The Konzertgesellschaft München is a non-profit association dedicated to the cultivation and promotion of classical music and, since 2017, jazz.

Through the international singing competition Vokal genial, which took place annually alternating with the August Everding Music Competition for Instrumentalists, the Konzertgesellschaft München and its members have paved the way for more than 100 artists to pursue an international career over the past 30 years. In 1999, the Konzertgesellschaft München was awarded the Europäischen Kulturpreis in recognition of its merits.

In addition, the association, in accordance with its statutes, promotes highly talented musicians, awards promotional prizes, promotes the international exchange of artists, cultivates classical and modern contemporary music and supports the Münchener Bach-Tradition as well as music projects that could not be realized without patronage.

In this way, the Konzertgesellschaft München makes a targeted contribution to the cultural diversity of Munich and Bavaria as a music location.

History 
The association was founded in 1986 following the example of the Mozarteum Argentino, a music foundation in Argentina founded in 1952, which contributes significantly to the musical life of its country. The initiators of the foundation were the art historian Johann Georg Prince of Hohenzollern and the cultural manager Helmut Pauli.

Bodies 
The organizational bodies of the Konzertgesellschaft München are the General Assembly, the Presidium, the Board of Trustees and the Artistic Advisory Board. Each member is entitled to vote and can make suggestions at the General Assembly of Members and participate in decisions on amendments to the Statutes, election and discharge of the Presidium. The Presidium, to which the Board of Trustees and the Artistic Advisory Board are assigned in an advisory and supporting capacity, works on a voluntary basis.

Presidium 
The Presidium consists of Karl Friedrich von Hohenzollern (President), Désirée von Bohlen und Halbach (Vice-President) as well as Konstanze Wiedemann, Conrado Dornier, Norbert Roos and Jens Spaniol.

Board of Trustees 
The Board of Trustees is made up of public and cultural figures who are active promoters of music in public. It advises and supports the Board of Trustees in the implementation of its objectives. For this purpose, it is appointed by the Presidium for a period of five years.

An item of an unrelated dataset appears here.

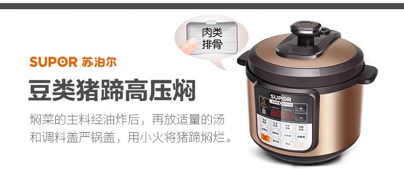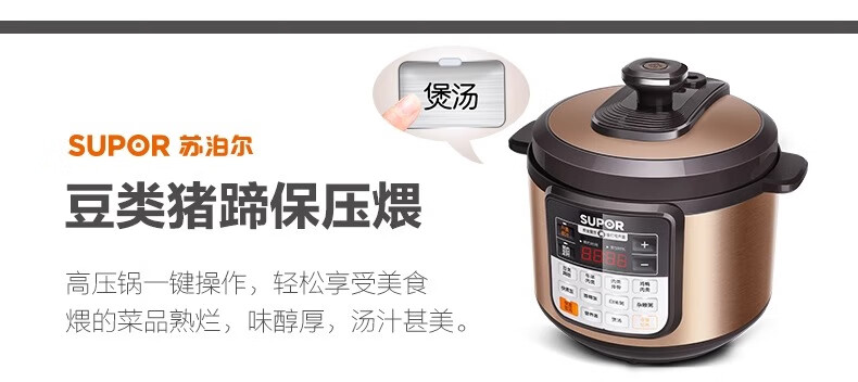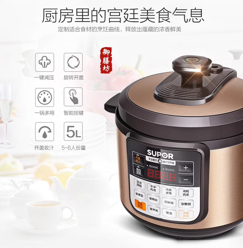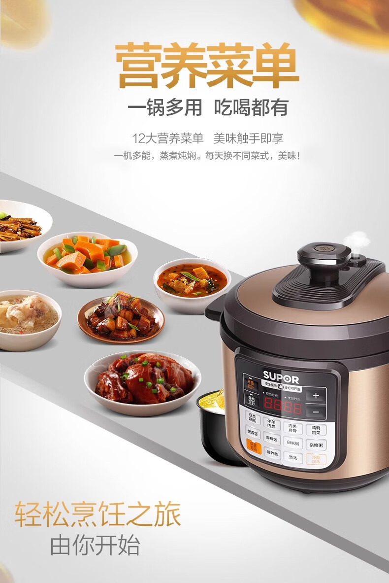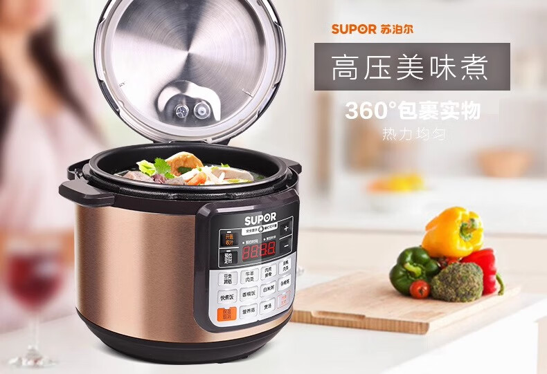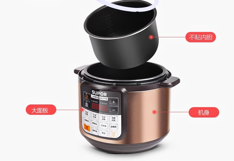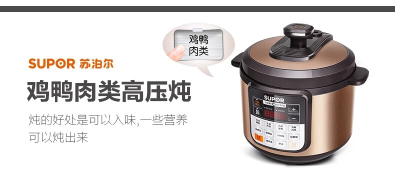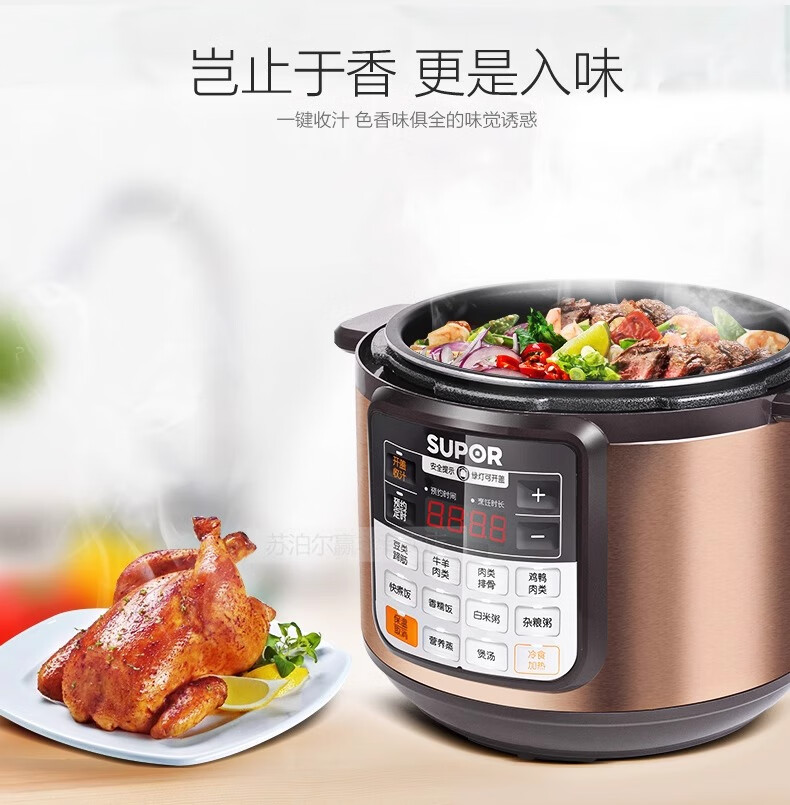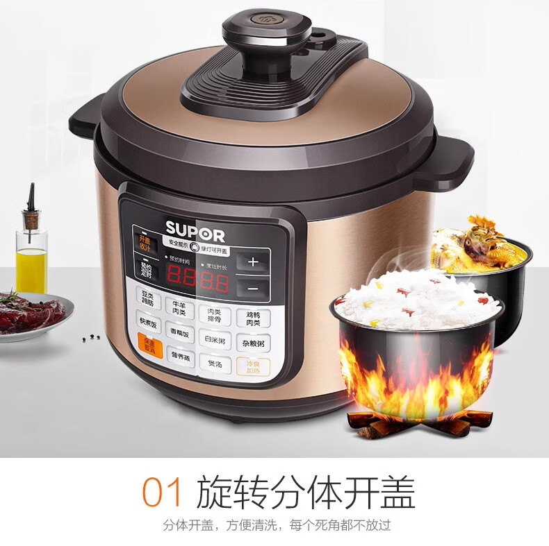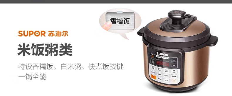 Supor electric pressure cooker double-gallon 5L smart household electric pressure cooker smart reservation multi-function rice cooker 4-6-8 people CYSB50YCW10D-100

Support for the highly gifted: competitions and prize winners 
Together with the organization of renowned music competitions, the promotion of the highly gifted is one of the central promotional concerns of the Konzertgesellschaft München. These included the August-Everding Music Competition initiated by August Everding and the International Vocal Competition Vokal genial, which have been held annually since 1987.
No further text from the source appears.